Hey guys,
I'm parsing files (Wiki pages, basically) using the re package in python (might not matter) and I'm having problem with the following. The structure is as such
=== Header1 ===
[[link1]], [[link2]],
[[link3]]
=== Header2 ===
[[link3]]
=== Header3 ===
[[link1]], [[link2]]
This is read in as a STRING, i.e.
STRING = "=== Header1 ===\n[[link1]], [[link2]],\n[[link3]]\n=== Header2 ===\n[[link3]]\n=== Header3 ===\n[[link1]], [[link2]]"
Here the names are dummies. Names and quantity of headers and links is basically random
I'd like to get the data, e.g. in a dict.
d = {"Header1": ["link1", "link2", "link3"], "Header2": ["link3"], "Header1": ["link1", "link2"]}
here is the reference for the re package I use to try and assemble some code
https://www.tutorialspoint.com/python/python_reg_expressions.htm
>>58424118
>(might not matter)
It does, though.
http://stackoverflow.com/questions/1732348/regex-match-open-tags-except-xhtml-self-contained-tags
Seriously, stop using re and start using an HTML parser.
>>58424458
mhm, well I'd rather stay inside the framework I use for the pre- and post-processing of the data, though.
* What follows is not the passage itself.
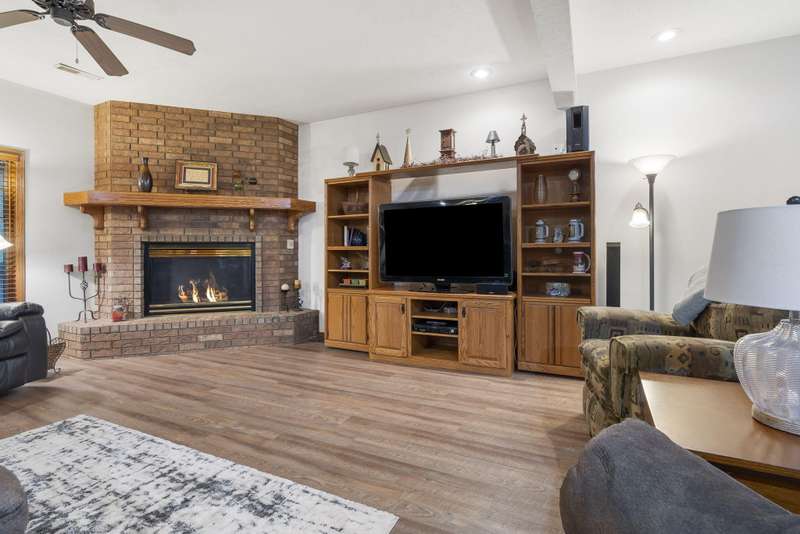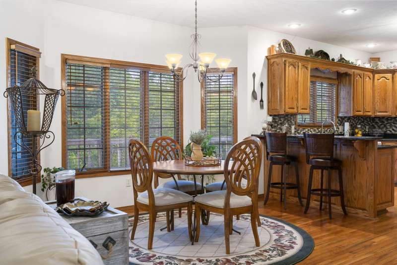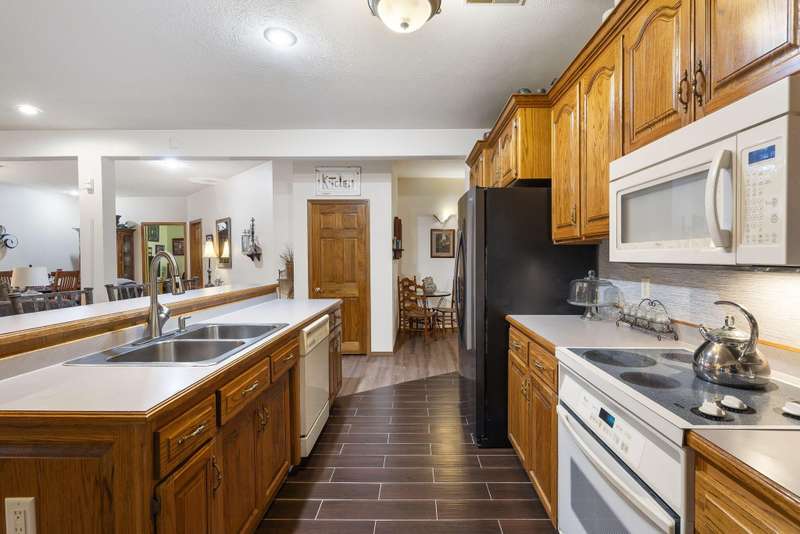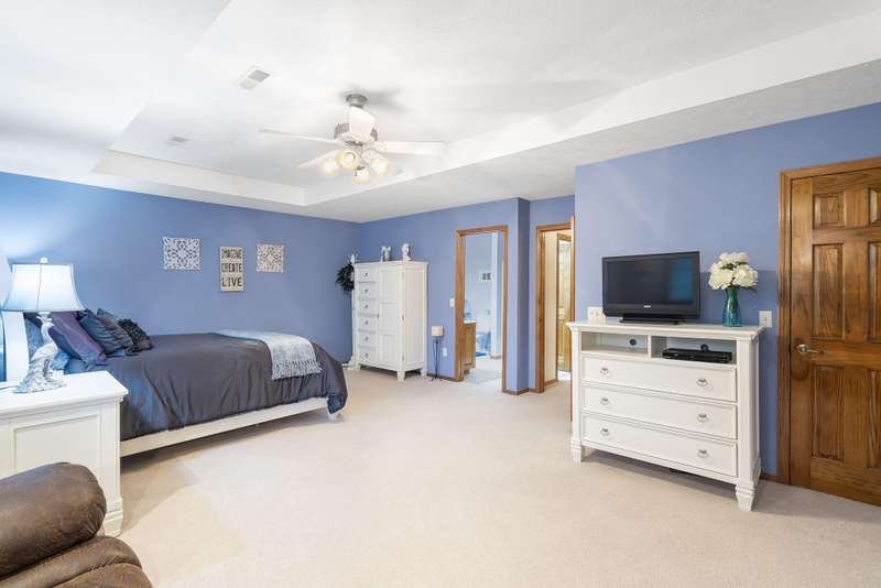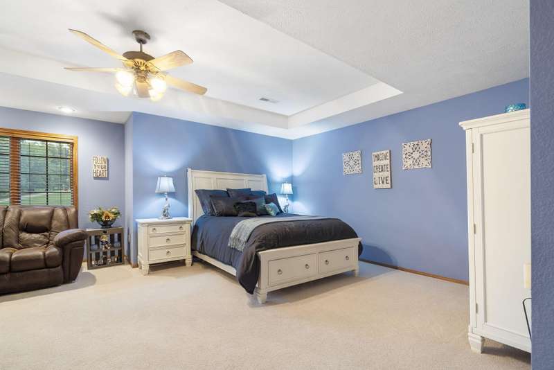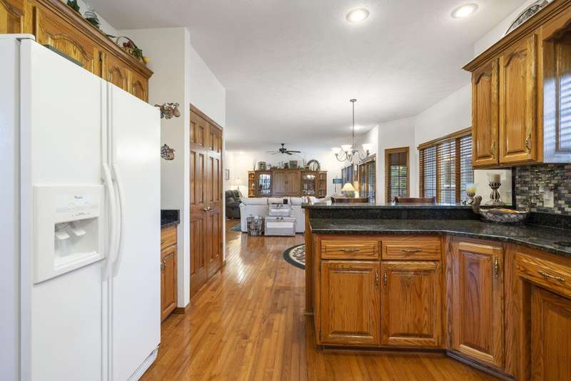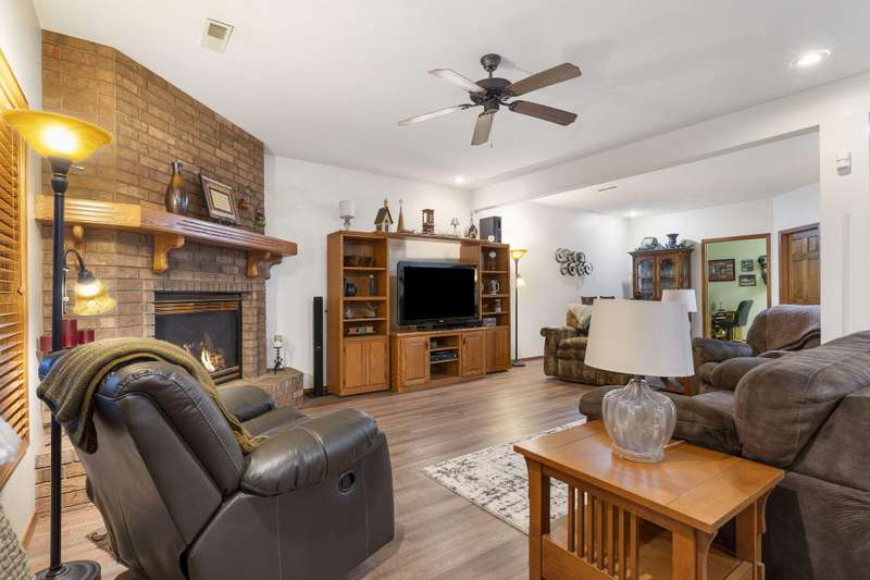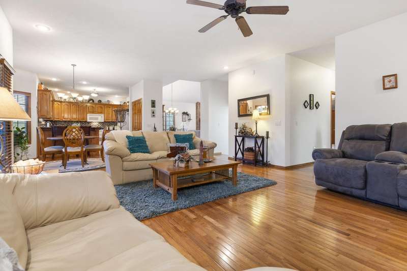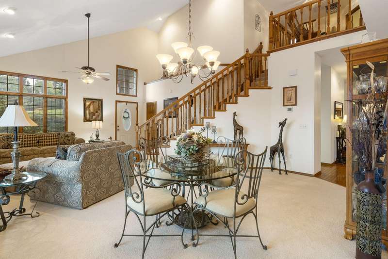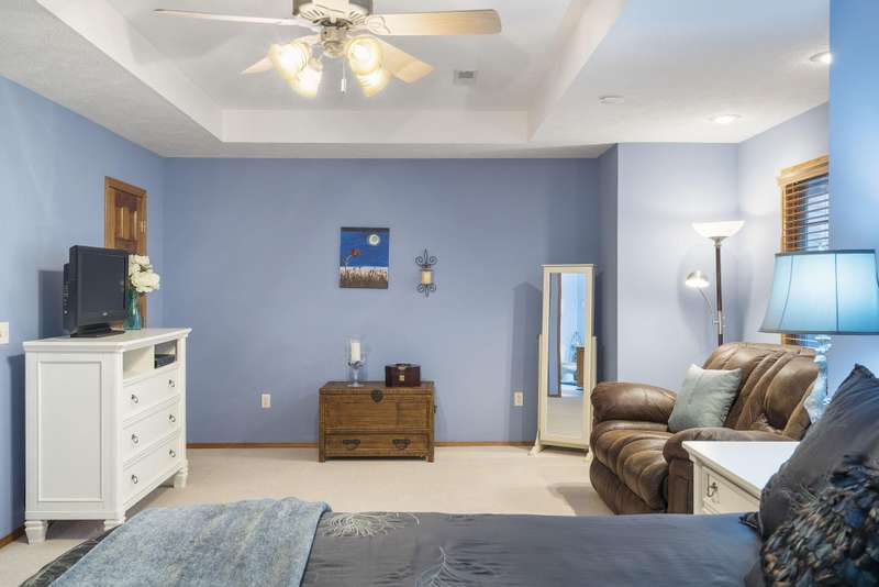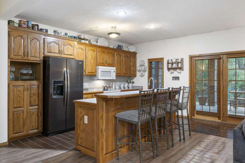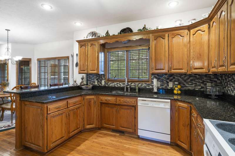 This magnificent 5-bedroom, 4-bath residence boasts a 2-car attached garage and a walk-out basement, nestled on an expansive 11-acre +- estate. Surrounded by breathtaking rolling hills, mature woods, and captivating water views, this home offers a private lake. The towering covered entry opens up to a grand living room, with soaring ceilings anchored by a floor-to-ceiling brick fireplace. Neutral tones and plush carpeting create a cozy ambiance with natural light from large windows. Ascend the grand staircase to the loft, overlooking the first floor. Here, you'll find a spacious master suite, offering panoramic views from surrounding windows, trayed ceilings with accent lights, and a private master bath with a double vanity, jetted tub, separate shower, and a generously sized walk-in closet. Adjacent to the loft is a charming second and third bedroom. On the main floor, an expansive kitchen awaits, featuring exquisite granite countertops, solid oak cabinets, and a built-in raised bar for convenient seating, all overlooking the dining area, framed by picturesque bay windows. High-end narrow plank hardwood floors flow seamlessly from the kitchen and dining area into the second living space, complete with recessed lighting, a wall flanked by windows, and French doors that open to an all-season enclosed porch with access to open-air decks on each side. Stairs lead to the lower deck, a covered patio with brick columns, a hot tub, and an entrance to the walk-out basement. The spacious basement boasts an oversized bedroom suite with trayed ceilings and a private bathroom. The shared basement bathroom offers a walk-in shower near a spacious fifth bedroom. The home also includes a versatile non-conforming room with ample storage space, a third open living area with a beautiful brick corner fireplace, and a large second full kitchen. With too many features to list, don't miss your chance to see this gorgeous esate!

My main question is how to take into account the possible repetition of [[]]
>>58424535
You mean you want to capture repeated groups?
>>58424673
yes
(among other things - for example tell it to go from "=== Header1 ===" to the next "===" or end of file, and not further)
>>58424701
It's possible you can't with re: http://stackoverflow.com/questions/9764930/capturing-repeating-subpatterns-in-python-regex
Well, it's a bad idea anyway. Better get the HTML and parse it properly.